金子さんは女性の役には思い入れが深いんだけど、男の役にはあまり思い入れがないの(笑)」

-滝田監督をはじめ、同じ監督からのオファーが多く、信頼されているのがよくわかりますね-

「うれしいですね。やっぱり同じ監督から、『今度こういうのをやるからまた出てよ』って言われるのは、本当にうれしいです」

(C) 2020 映画「リスタートはただいまのあとで」製作委員会

※映画『リスタートはただいまのあとで』
シネ・リーブル池袋ほか全国順次公開中
配給:キャンター
監督:井上竜太
出演:古川雄輝 竜星涼 村川絵梨 佐野岳/中島ひろ子 螢雪次朗 甲本雅裕

◆公開中の映画のロケで温泉を満喫

※映画『リスタートはただいまのあとで』
上司に人間性を否定されて会社を辞めた光臣(古川雄輝)は10年ぶりに故郷に戻り、近所で農園を営む熊井のじいちゃん(螢雪次朗)の養子・大和(竜星涼)と出会う。
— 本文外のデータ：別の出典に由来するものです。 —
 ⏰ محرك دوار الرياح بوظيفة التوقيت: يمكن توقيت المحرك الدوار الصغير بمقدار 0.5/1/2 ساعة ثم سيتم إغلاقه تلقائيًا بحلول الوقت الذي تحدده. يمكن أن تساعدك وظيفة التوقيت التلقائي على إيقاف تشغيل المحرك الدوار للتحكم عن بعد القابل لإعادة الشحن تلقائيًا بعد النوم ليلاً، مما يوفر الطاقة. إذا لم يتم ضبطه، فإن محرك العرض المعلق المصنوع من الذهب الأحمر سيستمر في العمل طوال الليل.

人懐っこい大和を最初は苦手だと思っていたが、実家の家具店を継ぐことを父(甲本雅裕)に拒絶されて農園を手伝うことになった光臣は、大和と一緒に過ごす時間が増えて…

-映画『リスタートはただいまのあとで』は、『マッサン』(NHK)とかぶる役ですね-

「そう、ちょっとね。『マッサン』ではリンゴ農園のおやじでしたけど、今回はミカンとイチゴの農園のおやじですからね」

-撮影で印象に残っていることは?-

「低予算の映画ですけど、とてもいい感じに仕上がっています。長野の戸倉上山田温泉という温泉場でロケをしたんですけど、ホテルの隣の居酒屋さんに毎晩飲みに行っていましたね。
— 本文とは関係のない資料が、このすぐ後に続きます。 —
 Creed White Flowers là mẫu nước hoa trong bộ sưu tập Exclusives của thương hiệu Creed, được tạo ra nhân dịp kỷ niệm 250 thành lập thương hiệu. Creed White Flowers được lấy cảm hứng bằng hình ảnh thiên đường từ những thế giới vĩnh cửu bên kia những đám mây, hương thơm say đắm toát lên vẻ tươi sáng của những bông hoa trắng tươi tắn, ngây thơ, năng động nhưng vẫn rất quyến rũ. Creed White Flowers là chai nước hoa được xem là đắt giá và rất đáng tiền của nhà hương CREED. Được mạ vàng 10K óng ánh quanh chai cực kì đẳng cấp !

僕はしょっちゅうそういうことをするんですけど、その居酒屋のご主人と家族が、とてもよくしてくれて。そういうのがありがたいですよね。

僕は1週間ぐらいロケに行っていたのかな? 監督の井上(竜太)さんははじめての作品だったんだけど、初監督にしてはとても映画のリズムがいいし、わかりやすい。
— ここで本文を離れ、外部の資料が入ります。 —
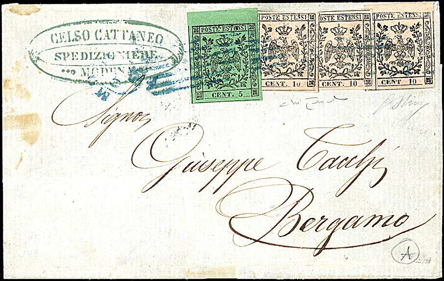 1852 - 5 c. verde (1) due val. di cui uno al verso strappato per aprire la lettera + 10 c. rosa chiaro (2) tre val. di cui uno senza punto CENT (2b) su lettera da Modena (10/10/55) a Bergamo - Cert. Ray + sigla Oliva (9.400,00 senza contare quello rotto)

彼はテレビのプロデューサーとしては何本か仕事しているし、撮り方もとてもオーソドックスで自然で。

主役のふたりの気持ちがちゃんと伝わってきて、僕はいい映画だと思います。若い人に見ていただけると思いますよ」

-最初はギクシャクしていたふたりの気持ちの変化がすごく自然に伝わってきますね-

「そうですね。素直に見て楽しんでいただけると思います」

-螢さんはドラマとか映画、舞台のときに自前の衣装を着用されたり、アイデアを出されることも多いそうですが、今回は?-

「今回はなかったです。普段のドラマや舞台などでは衣装とかメガネなどをよくもって行きますけど、さすがに農家のおじいちゃんの衣装まではもっていませんでしたね(笑)。

お風呂が大好きなので、温泉場のロケはうれしかったですね。温泉場のロケのときには必ず、1日3回くらい入るし、普段もうちの近所の銭湯に、週に2回くらいは行きます。銭湯に行って、大きなお風呂に入ると、やっぱりリラックスできますよね」

(C)2020 映画『リスタートはただいまのあとで』製作委員会

-10月16日(金)には角川春樹監督の『みをつくし料理帖』も公開になりますね-

「はい。僕は角川春樹さんには前作の『笑う警官』で呼んでいただいたんですけど、あのときは春樹さんが現場に戦闘服、迷彩服を着てくるんですよ。力が入っていたんですね。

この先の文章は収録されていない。